You just have to be general in your answers - the better the success, the more details you can give out.

Example:
You will meet a girl, find her dog. This will lead you to a waterfall and a door behind it, the least good of your party shall open it and if you live the next 10 days, the rewards will be greater than any before.

Also, I use the player's Piety. Players that roleplay their devotion will be rewarded, those that don't will not.

Rule of thump...
  • Tell of the road - weather, direction, etc.
  • Tell of obstacles - events (random monster)
  • Tell of an NPC - someone who may help or try and stop them
  • Tell of the villian - hideout or appearance or plot or personality

pretty good advice. Each of those elements would be useful to know and is probable to encounter if the PCs are actively pursuing the plot hook.

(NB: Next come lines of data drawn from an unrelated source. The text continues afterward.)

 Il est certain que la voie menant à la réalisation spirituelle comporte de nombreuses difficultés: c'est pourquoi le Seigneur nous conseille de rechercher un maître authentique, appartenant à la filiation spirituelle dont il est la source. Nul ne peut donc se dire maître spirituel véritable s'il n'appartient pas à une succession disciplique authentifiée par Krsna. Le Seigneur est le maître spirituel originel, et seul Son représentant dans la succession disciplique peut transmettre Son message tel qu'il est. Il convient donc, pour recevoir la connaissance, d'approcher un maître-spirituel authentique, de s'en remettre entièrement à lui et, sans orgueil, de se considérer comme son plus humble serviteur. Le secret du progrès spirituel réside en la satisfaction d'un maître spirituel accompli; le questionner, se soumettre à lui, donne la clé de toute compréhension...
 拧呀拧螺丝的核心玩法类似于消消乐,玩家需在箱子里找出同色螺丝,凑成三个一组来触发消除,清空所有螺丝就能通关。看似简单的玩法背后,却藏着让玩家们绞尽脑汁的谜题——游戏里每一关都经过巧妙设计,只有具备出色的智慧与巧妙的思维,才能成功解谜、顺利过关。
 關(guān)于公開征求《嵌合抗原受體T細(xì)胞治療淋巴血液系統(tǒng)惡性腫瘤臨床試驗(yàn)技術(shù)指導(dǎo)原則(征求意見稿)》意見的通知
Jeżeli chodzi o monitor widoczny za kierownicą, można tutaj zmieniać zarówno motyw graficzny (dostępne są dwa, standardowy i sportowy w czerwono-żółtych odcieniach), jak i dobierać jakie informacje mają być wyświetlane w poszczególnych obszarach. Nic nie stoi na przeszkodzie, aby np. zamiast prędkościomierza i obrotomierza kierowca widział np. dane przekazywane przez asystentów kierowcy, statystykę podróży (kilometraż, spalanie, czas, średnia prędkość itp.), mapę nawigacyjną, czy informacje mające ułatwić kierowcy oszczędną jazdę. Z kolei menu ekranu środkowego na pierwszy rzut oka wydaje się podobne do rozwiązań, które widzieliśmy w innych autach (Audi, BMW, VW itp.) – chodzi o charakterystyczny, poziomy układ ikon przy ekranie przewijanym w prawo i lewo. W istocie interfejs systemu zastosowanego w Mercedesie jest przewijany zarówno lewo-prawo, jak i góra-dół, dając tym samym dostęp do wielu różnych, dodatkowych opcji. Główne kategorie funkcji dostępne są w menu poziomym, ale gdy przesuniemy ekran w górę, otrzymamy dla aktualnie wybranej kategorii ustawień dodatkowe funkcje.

you may say there is bad weather on the road, and the PCs find a way to bypass it, but they will see that as the prophecy giving them a future to avoid.

When they do meet an NPC who fits the description of helpful old man, they will assume it is the guy and trust him, thereby minimizing the usual NPC distrust conversation lag

When they meet the villain wielding the very sword you said he would (because it was on his character sheet), they'll see that as confirmation of the prophecy as well.

It's not rocket surgery.

though it might not be simplifiable to game mechanics.

I would avoid showing definitive outcomes, like the bad guy dies by having PC#1's blad plunged into his heart, as that might not be how he actually dies. But showing elements of the encounter will inform the party what they will face without declaring the final outcome.
 

In a 2e game a couple of decades ago, my Druid had Astrology and would cast a chart each day.

The chart gave the group a vague sense of the day's events.

For example, when traveling overland the DM rolled the random encounters ahead of time and gave a general idea of number of encounters combined with their danger level. This was really helpful when the DM told us "Today will be challenging. Traveling in the woods will lead to painful horror". We spent that day holed up in the inn. The DM rolled a high-level CE lich encounter on the wilderness encounter tables.

When at an active adventure site, he gave some general insight into themic challenges.